When working with documents in foreign languages, OCR extracts the text so it can be pasted into a translation tool. This is far faster than manually typing characters from an unfamiliar alphabet.

OCR Limitations to Understand

OCR is not perfect. Understanding its limitations helps you manage expectations and prepare images appropriately:

• Handwriting accuracy is low — Tesseract is primarily trained on printed text. Clear, printed block letters may achieve 70-80% accuracy; cursive is often 40-60% or lower. Dedicated handwriting recognition engines (like those in Google Keep or Apple Notes) are purpose-trained for this use case and perform significantly better.
• Complex layouts may lose structure — Multi-column layouts, tables, and forms can have their structure flattened during extraction. The text is present but the column or cell alignment may not be preserved.
• Mathematical and scientific notation is difficult — Superscripts, subscripts, fractions, and special symbols (∑, ∫, ≤) are poorly handled by general-purpose OCR.
• Right-to-left languages require correct settings — Arabic and Hebrew read right to left. Select the correct language to ensure the engine handles text direction properly.
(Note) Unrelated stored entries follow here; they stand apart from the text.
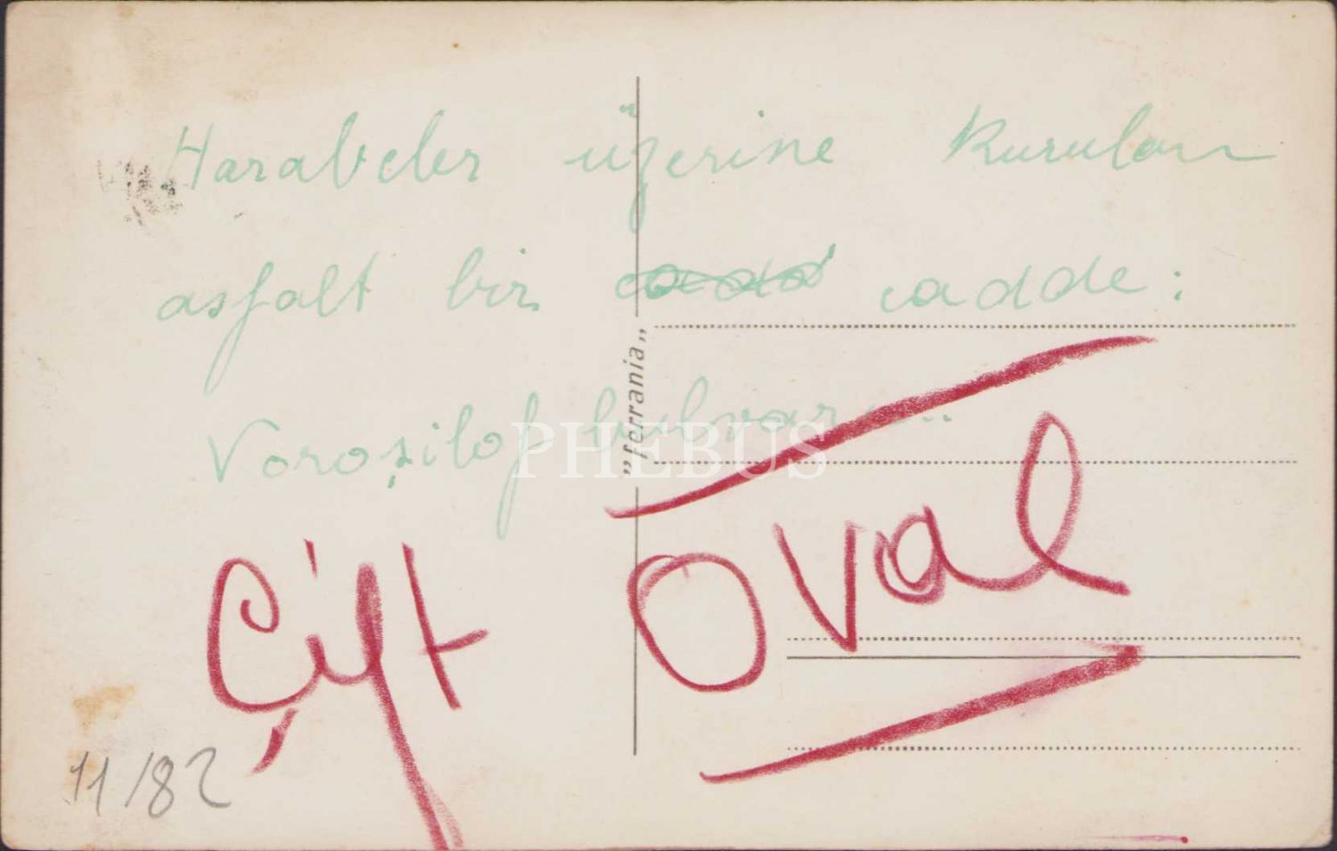 İzmir Votoşilof Bulvarı görünümü, Gazi İlk Mektebi detaylı, arkası yazılı
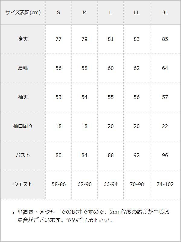 S M L LL 3L
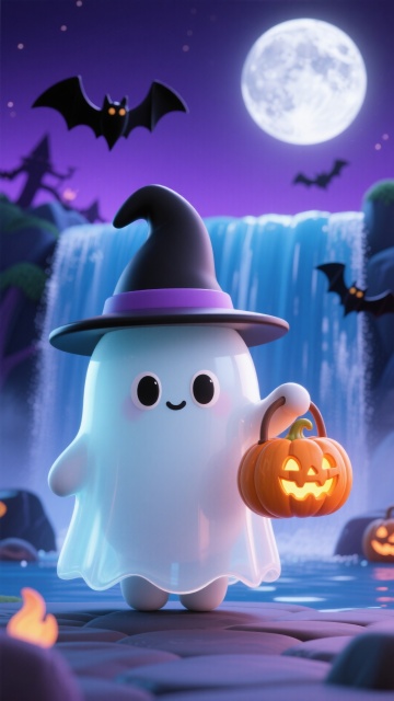 软3D风拟人小幽灵戴巫师帽坐南瓜灯上,梦幻月夜森林背景,可爱温馨趣味十足,塑料质感光影柔和,万圣节主题。

Privacy: Why Browser-Based OCR Matters

Many OCR services — including free cloud-based tools — upload your documents to remote servers for processing. For everyday images this is fine, but for sensitive content it creates real risk: legal documents, financial records, medical reports, and personal identification documents should not be uploaded to third-party servers you do not control.

Browser-based OCR eliminates this concern entirely. The image is processed locally in your browser; nothing is transmitted. This makes it safe to use with confidential documents, and it also means the tool works without an internet connection once the page has loaded.

Getting the Best Results: A Quick Checklist

• Use the highest resolution image available — aim for at least 300 DPI for scans
• Ensure strong contrast between text and background
• Straighten the image before processing — no tilt or skew
• Select the correct language from the dropdown
• Crop tightly to the text area to reduce noise from surrounding content
• Avoid heavy shadows, glare, or reflections
• For handwritten text, print clearly in block capitals for best results

Summary

OCR converts images of text into machine-readable, editable text. Modern engines like Tesseract use LSTM neural networks trained on millions of character samples across hundreds of fonts, achieving 95%+ accuracy on clean, printed documents. The same engine now runs directly in your browser via WebAssembly, making high-quality OCR available for free, with no uploads, no accounts, and complete privacy. For best results, use high-resolution, high-contrast images and select the language that matches your document.